05:22Dernière en date, hier soir, les gardiens de la révolution qui prient dans ces fameux souterrains.
05:45Et il reste une question générale, effectivement, c'est sur la portée balistique de l'Iran.
05:51Puisqu'il y a eu cette frappe la semaine dernière sur la base américaine de Diego Garcia, qui se trouve
05:57au milieu de l'océan Indien.
05:59Une portée de 4000 kilomètres, ce qui a surpris tout le monde, parce qu'on pensait évidemment que ce missile
06:04ne pouvait pas atteindre les 4000 kilomètres.
06:07Oui, effectivement, on était pour le moment sur une portée d'environ 2500 kilomètres.
06:12Et le missile qui est parti d'Iran, vous voyez, il est allé vers l'île de Diego Garcia, vers
06:17cette base américaine.
06:18Mais la problématique, c'est que si on fait le rayon, vous voyez bien que ce missile, eh bien, il
06:23peut atteindre l'Europe.
06:25Et donc, c'est ça ce qui est extrêmement inquiétant.
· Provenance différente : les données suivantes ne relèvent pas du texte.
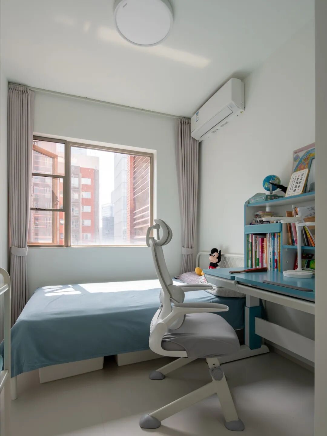 浅蓝床品铺就温柔梦乡,可调节学习椅守护坐姿,蓝色书桌堆满书籍与童趣小物,每一处都为孩子的 “学习 + 玩耍 + 休憩” 量身定制。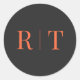 Gray orange Monogram Wedding Classic Round Sticker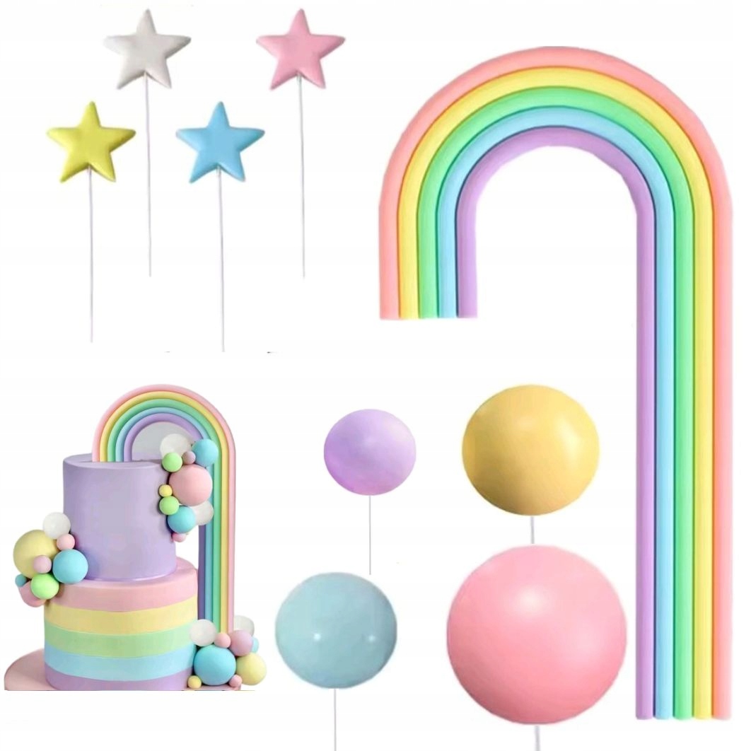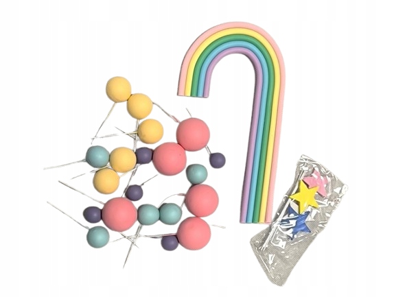 Zestaw ozdób TĘCZA PASTELOWA i kulek plastykowych tylko i wyłącznie do dekoracji 20 elem. ne jadalna

06:26C'est que l'on voit que les missiles développés par les Iraniens sont performants et en plus, ils sont
06:32précis.
06:33Et donc, c'est une véritable inquiétude, parce que que va-t-il se passer ?
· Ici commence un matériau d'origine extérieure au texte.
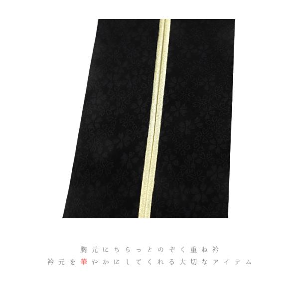 重ね衿 振袖 成人式 七五三 重ね襟 黒地 ゴールド 正絹 礼装用 フォーマル 花 桜 小花 襟ピン付き 裏金 伊達衿 日本製 お洒落 No.10-5124

06:36Est-ce qu'ils en ont encore énormément en stock ? Et qui peuvent-ils menacer ?
06:40Bien sûr, peut-être Diego Garcia, mais voilà, on voit bien tout en rouge.
06:45On voit bien surtout que là, c'est la France.
06:46Exactement, et c'est l'Europe.
06:47Et donc, c'est un véritable souci face à cette menace balistique que l'Iran a développée depuis des années.